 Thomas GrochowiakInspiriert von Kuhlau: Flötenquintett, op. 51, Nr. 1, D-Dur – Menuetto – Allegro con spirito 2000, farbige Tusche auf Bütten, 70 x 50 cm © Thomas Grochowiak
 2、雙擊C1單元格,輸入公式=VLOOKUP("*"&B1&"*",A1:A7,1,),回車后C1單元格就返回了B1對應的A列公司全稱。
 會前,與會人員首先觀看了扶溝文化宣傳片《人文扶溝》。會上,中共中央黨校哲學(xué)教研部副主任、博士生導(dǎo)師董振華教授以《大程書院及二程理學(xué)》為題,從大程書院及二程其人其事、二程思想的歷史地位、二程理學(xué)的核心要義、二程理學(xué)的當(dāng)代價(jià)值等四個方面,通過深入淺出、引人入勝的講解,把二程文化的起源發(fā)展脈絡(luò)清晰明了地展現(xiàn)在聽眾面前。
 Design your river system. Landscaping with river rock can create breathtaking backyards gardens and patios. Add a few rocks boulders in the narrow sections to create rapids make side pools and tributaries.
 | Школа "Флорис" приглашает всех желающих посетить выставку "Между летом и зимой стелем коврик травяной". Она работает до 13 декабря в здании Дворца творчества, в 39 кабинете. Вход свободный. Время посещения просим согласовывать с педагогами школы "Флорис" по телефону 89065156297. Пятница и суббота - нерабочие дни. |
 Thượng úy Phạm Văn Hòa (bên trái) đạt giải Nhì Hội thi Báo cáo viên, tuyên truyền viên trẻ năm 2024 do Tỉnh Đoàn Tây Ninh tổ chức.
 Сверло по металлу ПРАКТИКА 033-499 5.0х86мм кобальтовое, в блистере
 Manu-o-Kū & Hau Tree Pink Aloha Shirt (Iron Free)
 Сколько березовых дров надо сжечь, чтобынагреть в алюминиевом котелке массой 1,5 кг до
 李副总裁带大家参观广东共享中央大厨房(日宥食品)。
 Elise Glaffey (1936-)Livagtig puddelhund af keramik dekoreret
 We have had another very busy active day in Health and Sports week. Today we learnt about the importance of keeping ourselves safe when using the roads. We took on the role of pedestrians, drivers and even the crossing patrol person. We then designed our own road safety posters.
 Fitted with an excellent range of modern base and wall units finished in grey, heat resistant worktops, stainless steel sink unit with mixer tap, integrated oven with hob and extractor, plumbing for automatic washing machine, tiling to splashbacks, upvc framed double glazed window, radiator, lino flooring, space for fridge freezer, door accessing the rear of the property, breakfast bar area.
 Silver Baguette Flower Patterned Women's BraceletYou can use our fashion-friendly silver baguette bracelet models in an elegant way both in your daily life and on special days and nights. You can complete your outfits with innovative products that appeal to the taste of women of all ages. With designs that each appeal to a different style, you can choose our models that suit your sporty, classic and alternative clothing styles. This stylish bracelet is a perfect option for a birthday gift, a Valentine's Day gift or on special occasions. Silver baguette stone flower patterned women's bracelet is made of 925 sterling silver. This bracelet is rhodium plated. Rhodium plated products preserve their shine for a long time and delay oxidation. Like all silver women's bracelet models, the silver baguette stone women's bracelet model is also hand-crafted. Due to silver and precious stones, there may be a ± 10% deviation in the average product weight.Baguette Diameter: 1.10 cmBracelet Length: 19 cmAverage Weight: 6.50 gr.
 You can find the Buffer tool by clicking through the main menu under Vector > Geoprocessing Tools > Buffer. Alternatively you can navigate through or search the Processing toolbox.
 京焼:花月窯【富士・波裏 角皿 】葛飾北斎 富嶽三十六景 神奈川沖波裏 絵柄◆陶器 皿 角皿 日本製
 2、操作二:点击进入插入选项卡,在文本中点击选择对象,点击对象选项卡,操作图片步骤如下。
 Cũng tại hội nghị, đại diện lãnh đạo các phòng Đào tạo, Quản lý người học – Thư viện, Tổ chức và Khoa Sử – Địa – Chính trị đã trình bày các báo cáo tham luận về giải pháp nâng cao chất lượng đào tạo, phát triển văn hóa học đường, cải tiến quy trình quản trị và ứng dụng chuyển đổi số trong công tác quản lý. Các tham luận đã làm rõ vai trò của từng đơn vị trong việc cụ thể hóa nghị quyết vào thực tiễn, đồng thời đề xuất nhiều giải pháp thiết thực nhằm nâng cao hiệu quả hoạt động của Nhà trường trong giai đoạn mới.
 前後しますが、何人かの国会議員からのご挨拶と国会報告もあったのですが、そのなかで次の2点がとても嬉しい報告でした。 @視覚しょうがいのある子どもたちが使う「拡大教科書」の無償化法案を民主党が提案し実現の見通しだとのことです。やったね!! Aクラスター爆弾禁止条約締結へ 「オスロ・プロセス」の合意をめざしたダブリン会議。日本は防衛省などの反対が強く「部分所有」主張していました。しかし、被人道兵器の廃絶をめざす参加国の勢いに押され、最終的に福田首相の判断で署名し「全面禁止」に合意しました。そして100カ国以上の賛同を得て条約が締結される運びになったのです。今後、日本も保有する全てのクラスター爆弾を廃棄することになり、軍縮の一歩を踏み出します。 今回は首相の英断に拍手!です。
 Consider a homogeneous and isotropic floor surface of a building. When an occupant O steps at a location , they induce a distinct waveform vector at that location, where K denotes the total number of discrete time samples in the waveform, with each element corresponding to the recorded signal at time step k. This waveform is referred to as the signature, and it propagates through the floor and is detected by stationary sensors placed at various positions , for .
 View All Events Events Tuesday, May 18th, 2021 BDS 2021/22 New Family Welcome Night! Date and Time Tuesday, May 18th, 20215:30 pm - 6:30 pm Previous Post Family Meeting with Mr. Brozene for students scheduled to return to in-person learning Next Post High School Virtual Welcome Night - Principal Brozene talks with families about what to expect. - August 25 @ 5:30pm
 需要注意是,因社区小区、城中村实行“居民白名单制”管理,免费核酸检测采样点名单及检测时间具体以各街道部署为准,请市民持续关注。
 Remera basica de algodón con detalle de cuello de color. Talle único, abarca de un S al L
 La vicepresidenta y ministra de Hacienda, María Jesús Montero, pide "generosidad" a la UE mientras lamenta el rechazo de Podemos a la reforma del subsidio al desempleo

■ The problem
Lines after the one containing "會前,與會人員首先觀看了扶溝" are not part of the task. Output the entries exactly from their first line through that one.

■ Solution to this task
 Thomas GrochowiakInspiriert von Kuhlau: Flötenquintett, op. 51, Nr. 1, D-Dur – Menuetto – Allegro con spirito 2000, farbige Tusche auf Bütten, 70 x 50 cm © Thomas Grochowiak
 2、雙擊C1單元格,輸入公式=VLOOKUP("*"&B1&"*",A1:A7,1,),回車后C1單元格就返回了B1對應的A列公司全稱。
 會前,與會人員首先觀看了扶溝文化宣傳片《人文扶溝》。會上,中共中央黨校哲學(xué)教研部副主任、博士生導(dǎo)師董振華教授以《大程書院及二程理學(xué)》為題,從大程書院及二程其人其事、二程思想的歷史地位、二程理學(xué)的核心要義、二程理學(xué)的當(dāng)代價(jià)值等四個方面,通過深入淺出、引人入勝的講解,把二程文化的起源發(fā)展脈絡(luò)清晰明了地展現(xiàn)在聽眾面前。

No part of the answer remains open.